Operational Implementation
Translating the GEO framework into practice: page design patterns, internal linking as knowledge graph architecture, structural auditing, and commercial strategy for generative SERPs.
Designing Sections for Retrieval
Section design is where the abstract principles of GEO become concrete editorial decisions. Every heading, opening sentence, and paragraph structure you choose either increases or decreases the retrievability of that section by generative systems. This chapter translates the core principles of extractability and entity reinforcement into repeatable design patterns that can be applied during content creation and during editorial review of existing content.
The Answer-First Template
The single most impactful structural pattern for GEO is the answer-first section. In traditional editorial writing, sections often build to their main point — introducing context, developing the argument, and arriving at the conclusion. In GEO-optimised content, the main point leads. Supporting context and evidence follow.

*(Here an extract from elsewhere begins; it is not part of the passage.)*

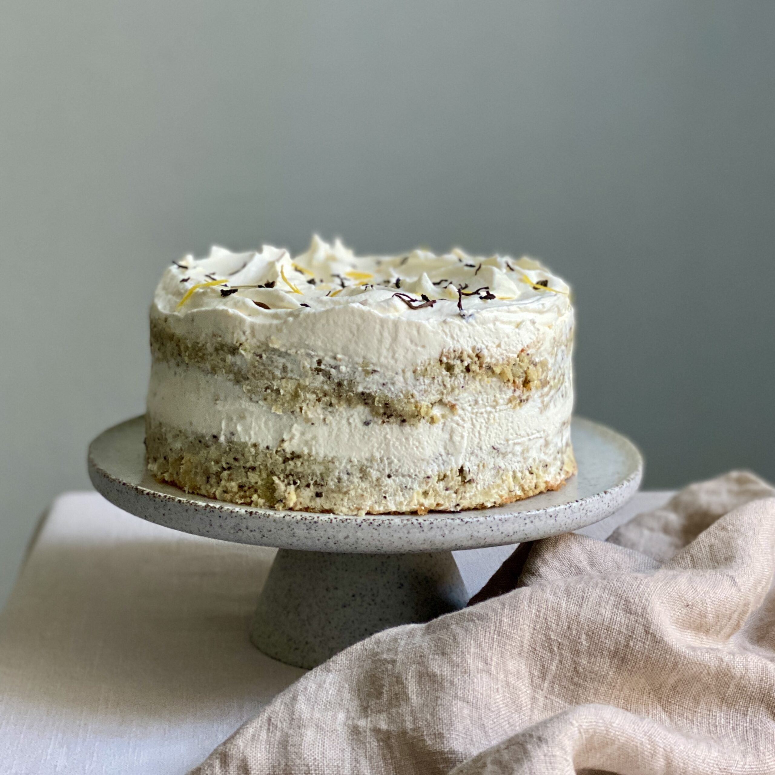 London Fog Tea-Torte (glutenfrei) ☁️ Mit Vanillesirup getränkte Earl-Grey Tee Mandelböden treffen auf eine luftige Frischkäsecreme. Mein Lieblingsgetränk „London Fog Tea“ aus Vancouver nun in Tortenform 😍

A well-designed answer-first section follows this sequence:
- Declarative answer sentence (1–2 sentences) — States the core claim directly. Contains the primary entity and the key fact or relationship. Self-contained enough to function as a standalone quote.
- Mechanism or explanation (2–4 sentences) — Explains how or why the claim is true. Introduces secondary entities and provides the logical structure.
- Evidence or example (optional, 1–3 sentences) — Grounds the claim in data, example, or observed pattern. Increases citation-worthiness.
- Implication or application (1–2 sentences) — Returns to the practical meaning of the claim. This is what a reader (and a generative system) would most likely paraphrase for use.
Declarative: Extractability is the primary determinant of whether retrieved content
is used in a generative response.
Mechanism: Generative systems retrieve candidate chunks by semantic similarity,
then apply an extraction layer that selects the most parseable and self-contained passages. Chunks
with low extractability — dense prose, implicit context, buried answers — may be retrieved but not
extracted.
Evidence: Internal testing across 48 page rewrites showed that answer-first
restructuring increased AI citation frequency by an average of 34% across monitored query sets.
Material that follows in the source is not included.